**YOUR TASK**
Write the listing below out again in full, dropping its pictures.

***** RECORD EXCERPTS

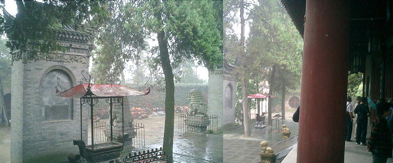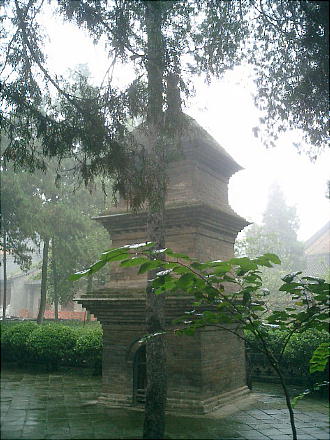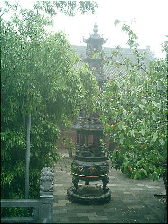 中庭は落ち着いた感じで静かだった。霧のような小雨が旅情をかき立てる。西遊記で有名な三蔵法師だが、ここに眠っていたのか。
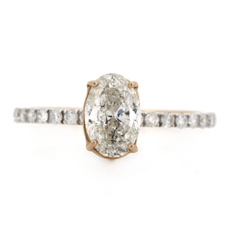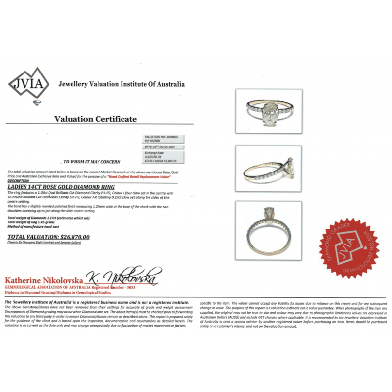 The Centre Features, One Oval Brilliant Cut, Diamond (1.04Ct, J Colour, P1-P2 Clarity), 4 Claw Set. Decorating The Band Are, 16 Round Brilliant Cut, Diamonds (0.23Ct Tdw, J-K Colour, Si2-P2 Clarity), Claw Set. Ring Size N.
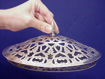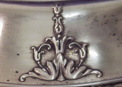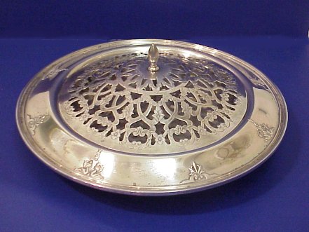 ALVIN STERLING CENTER BOWL WITH FLOWER FROG: Rolled and embossed edge bowl, 11 1/2'' dia. Stamped Alvin, the ornate frog is silverplate. Sterling is approx. 17.4 oz.
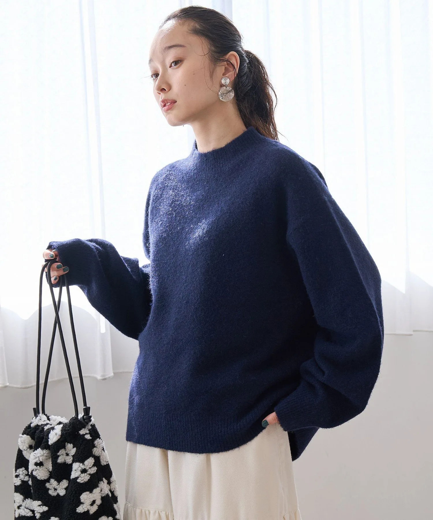 ※Темные цвета могут оставлять следы от трения. *Будьте осторожны, чтобы не зацепить изделие при ношении или стирке. *Материал склонен к образованию катышков. Избегайте постоянного ношения и дайте изделию отдохнуть перед использованием. *Не тяните за катышки; аккуратно удаляйте их с помощью инструмента. *Прямой солнечный свет или флуоресцентное освещение могут вызвать выцветание. *Поскольку изделие склонно растягиваться под собственным весом, мы рекомендуем придать ему форму и сушить в расправленном виде. *Избегайте развешивания на вешалке. *Обратите внимание, что материалы с грубой текстурой или торчащими нитками склонны к зацепкам. *Изображенный на фото товар является образцом и может отличаться от реального товара. *Цвет товара на изображении может отличаться от реального из-за освещения, ракурса и настроек вашего монитора. Фотографии из студии максимально приближены к реальному цвету товара. *Для товаров, заказанных по предварительному заказу, указанная дата доставки является лишь ориентировочной. *В связи с производственными обстоятельствами дата доставки может быть раньше или позже даты поступления товара в магазин. Благодарим за понимание.
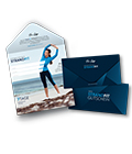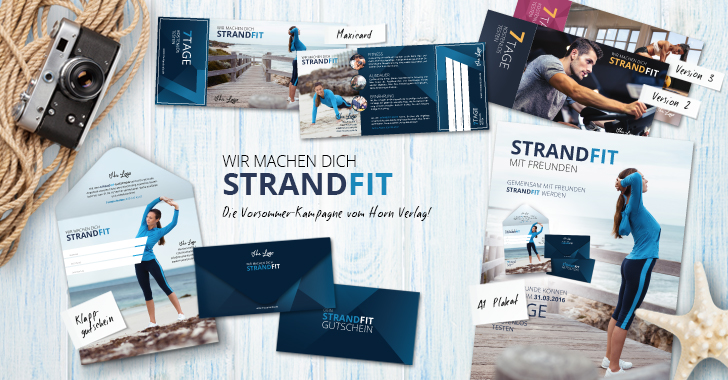 Die STRANDFIT-Kampagne ist in zwei Ausführungen erhältlich: als Klappgutschein (in 3 Motiven) und als Scheckkarte mit Hülle.
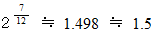 ある音( 音名X )よりも半音で7つ分上の音( 音名Y )は、 平均律でいうと、 振動数はXに比べて
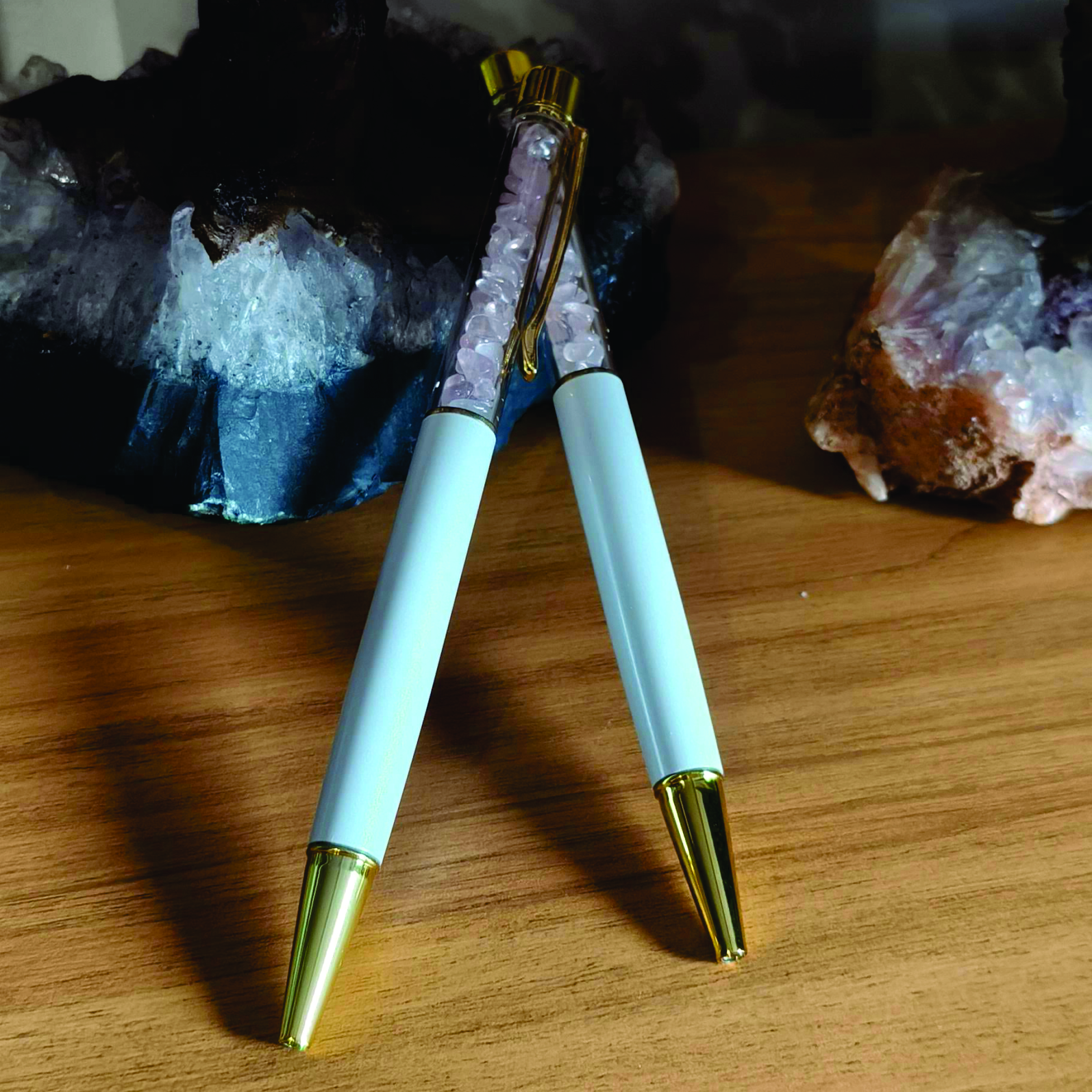 Caneta com Quartzo Rosa

**********

**RESPONSE TO THIS TASK**
 中庭は落ち着いた感じで静かだった。霧のような小雨が旅情をかき立てる。西遊記で有名な三蔵法師だが、ここに眠っていたのか。
 The Centre Features, One Oval Brilliant Cut, Diamond (1.04Ct, J Colour, P1-P2 Clarity), 4 Claw Set. Decorating The Band Are, 16 Round Brilliant Cut, Diamonds (0.23Ct Tdw, J-K Colour, Si2-P2 Clarity), Claw Set. Ring Size N.
 ALVIN STERLING CENTER BOWL WITH FLOWER FROG: Rolled and embossed edge bowl, 11 1/2'' dia. Stamped Alvin, the ornate frog is silverplate. Sterling is approx. 17.4 oz.
 ※Темные цвета могут оставлять следы от трения. *Будьте осторожны, чтобы не зацепить изделие при ношении или стирке. *Материал склонен к образованию катышков. Избегайте постоянного ношения и дайте изделию отдохнуть перед использованием. *Не тяните за катышки; аккуратно удаляйте их с помощью инструмента. *Прямой солнечный свет или флуоресцентное освещение могут вызвать выцветание. *Поскольку изделие склонно растягиваться под собственным весом, мы рекомендуем придать ему форму и сушить в расправленном виде. *Избегайте развешивания на вешалке. *Обратите внимание, что материалы с грубой текстурой или торчащими нитками склонны к зацепкам. *Изображенный на фото товар является образцом и может отличаться от реального товара. *Цвет товара на изображении может отличаться от реального из-за освещения, ракурса и настроек вашего монитора. Фотографии из студии максимально приближены к реальному цвету товара. *Для товаров, заказанных по предварительному заказу, указанная дата доставки является лишь ориентировочной. *В связи с производственными обстоятельствами дата доставки может быть раньше или позже даты поступления товара в магазин. Благодарим за понимание.
 Die STRANDFIT-Kampagne ist in zwei Ausführungen erhältlich: als Klappgutschein (in 3 Motiven) und als Scheckkarte mit Hülle.
 ある音( 音名X )よりも半音で7つ分上の音( 音名Y )は、 平均律でいうと、 振動数はXに比べて
 Caneta com Quartzo Rosa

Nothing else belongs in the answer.